Functions with the sum of its partial derivatives zero

Question

I have a multivariable function $G(x_i,x_j,x_k)$ which satisfies $G(x,x,x)=0$. Does it implies that the sum of its partial derivatives vanishes at $(x,x,x)$, i.e., ${\frac{\partial G(x_i,x_j,x_k)}{\partial x_i}}|{(x,x,x)}+{\frac{\partial G(x_i,x_j,x_k)}{\partial x_j}}|{(x,x,x)}+{\frac{\partial G(x_i,x_j,x_k)}{\partial x_k}}|{(x,x,x)}=0$.

I can varify this from some of examples such that $G(x_i,x_j,x_k)=(x_j+x_k-2x_i)$, $G(x_i,x_j,x_k)=x_j^2x_k-x_i^3$.

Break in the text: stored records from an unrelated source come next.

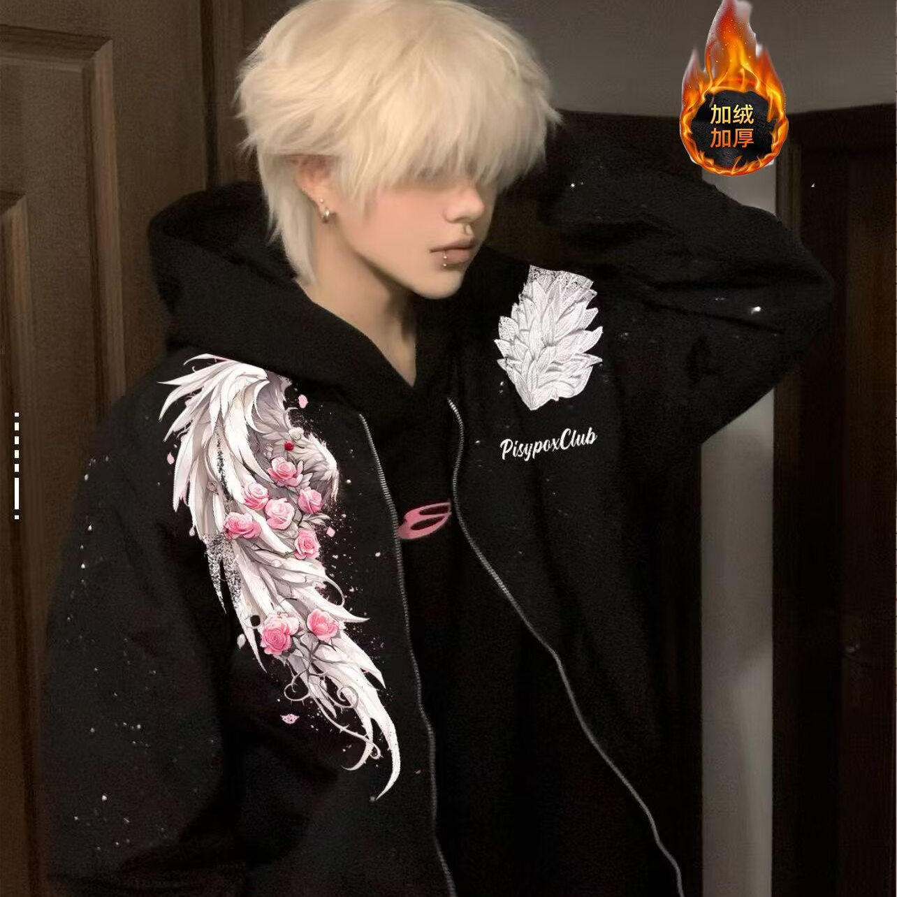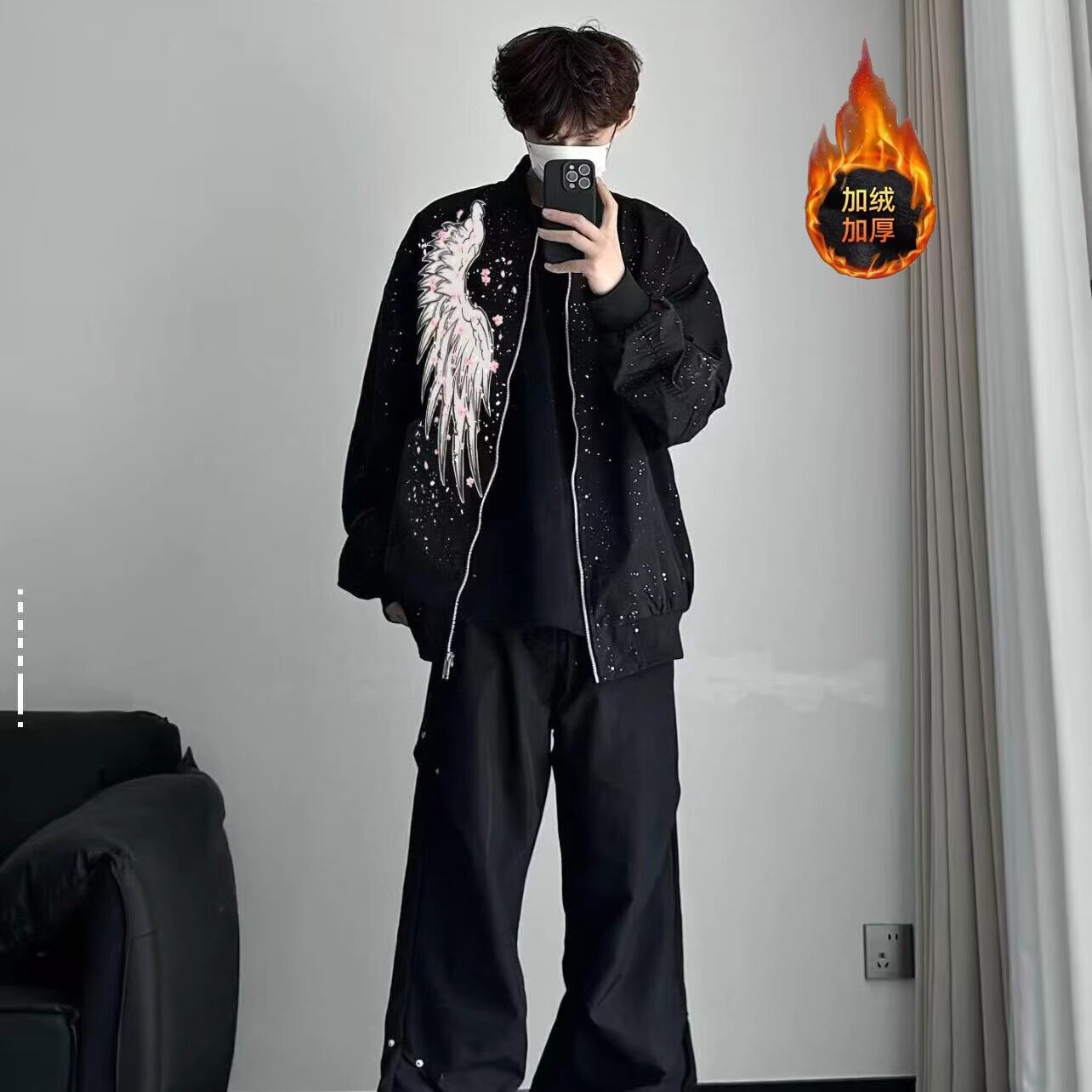 📚 满天星双层复古翅膀黑色飞行员夹克男秋冬季新款宽松百搭情侣外套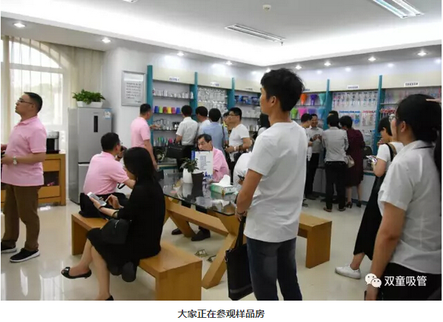 移步樣品房,大家都被琳瑯滿目的各類吸管所吸引,尤其是各類功能情趣的創(chuàng)新吸管,它顛覆了大家腦海里幾分幾厘的普通吸管,而是轉(zhuǎn)變?yōu)閹讐K錢一支的高端產(chǎn)品,更是讓每個人都嘖嘖稱奇,贊嘆“雙童”的創(chuàng)新力之強!
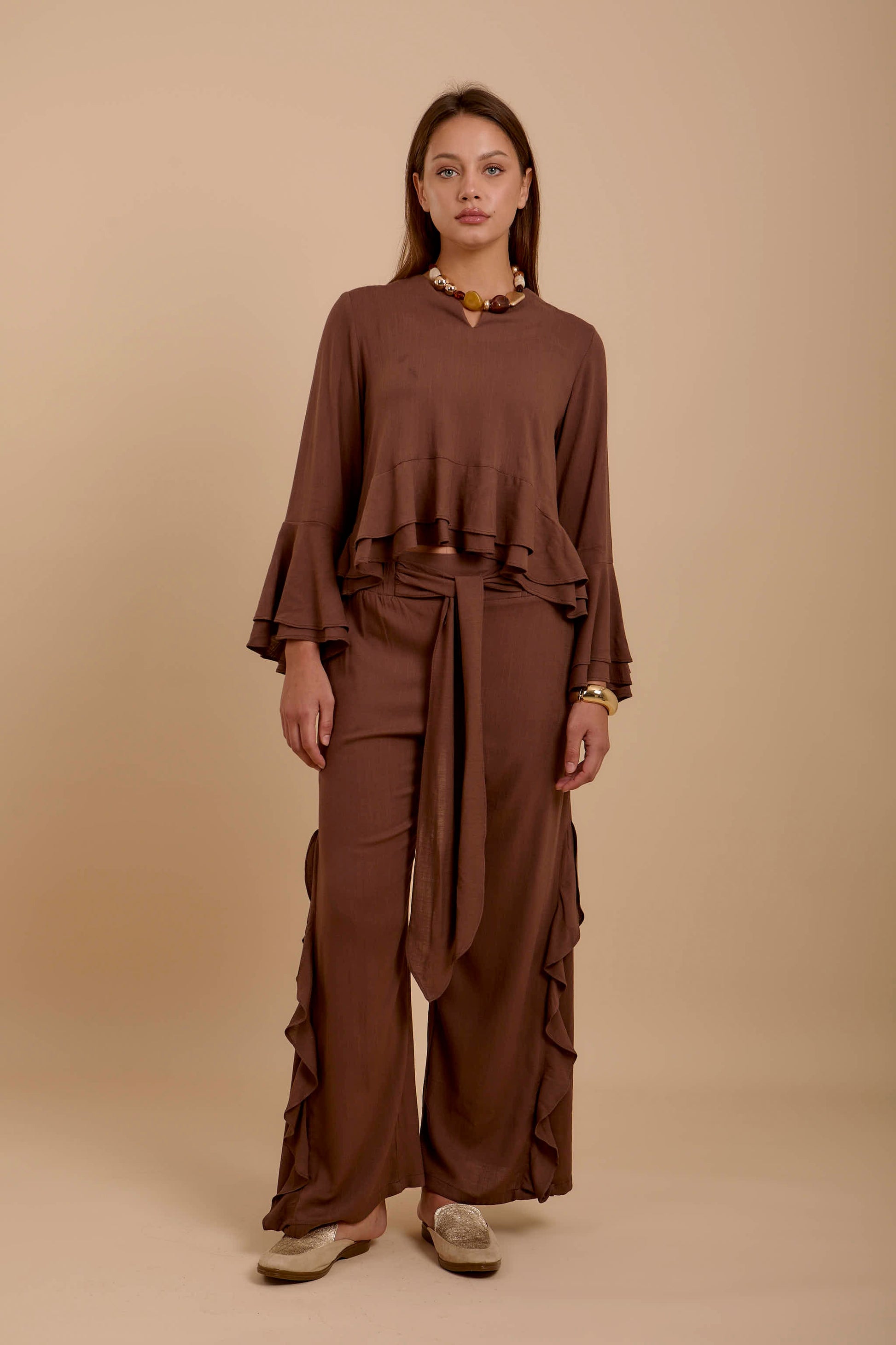 Brown Boho Long sleeve Top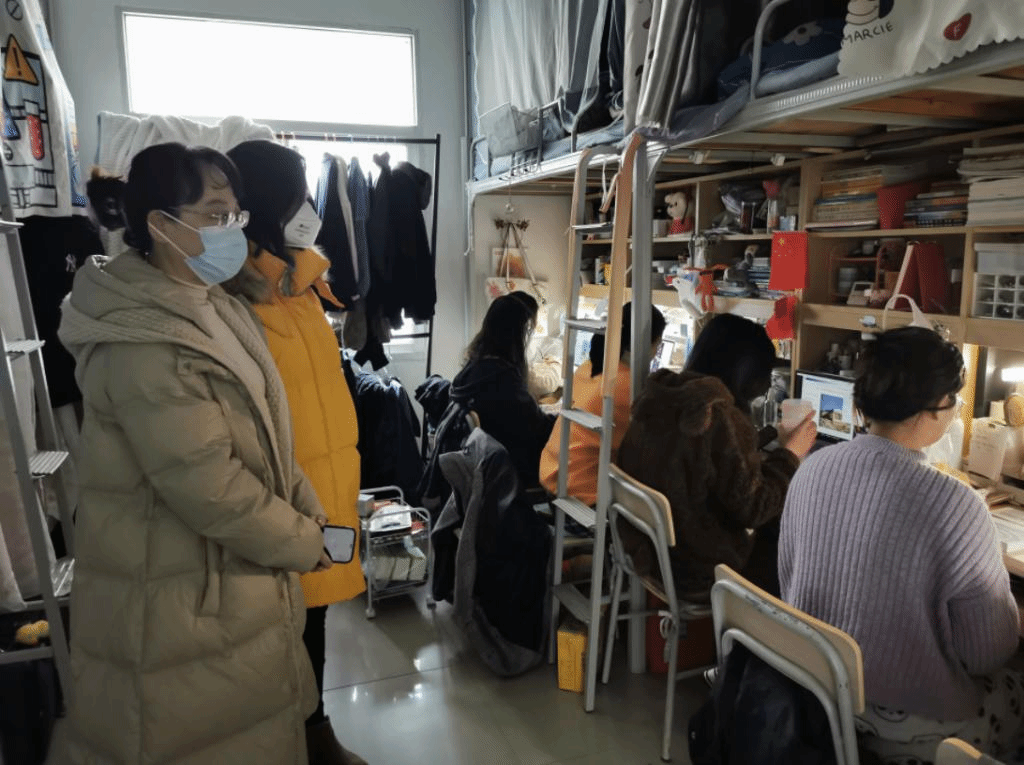 2月21日,音乐学院院长杨丽霞、党委副书记洪妍妮带领辅导员深入学生宿舍,了解线下课堂教学情况及学生返校状况,确保开学各项工作平稳、有序。

But I am unable to prove this in general. Can anyone help me to guide through its proof?

Answer 1

It's just the multivariable chain rule, we have $G(x,y,z)$ and $x=y=z=t$, then:

$$ \frac{dG}{dt} = \frac{\partial G }{\partial x} \frac{dx}{dt}+ \frac{\partial G}{\partial y} \frac{dz}{dt}+\frac{\partial G }{\partial z} \frac{dx}{dt}$$

With $ \frac{dx}{dt} = \frac{dy}{dt} = \frac{dz}{dt}=1$, and yes of course, $ \frac{dG}{dt}=0$ since $G$ is constant on this path (line through origin with direction $(1,1,1)$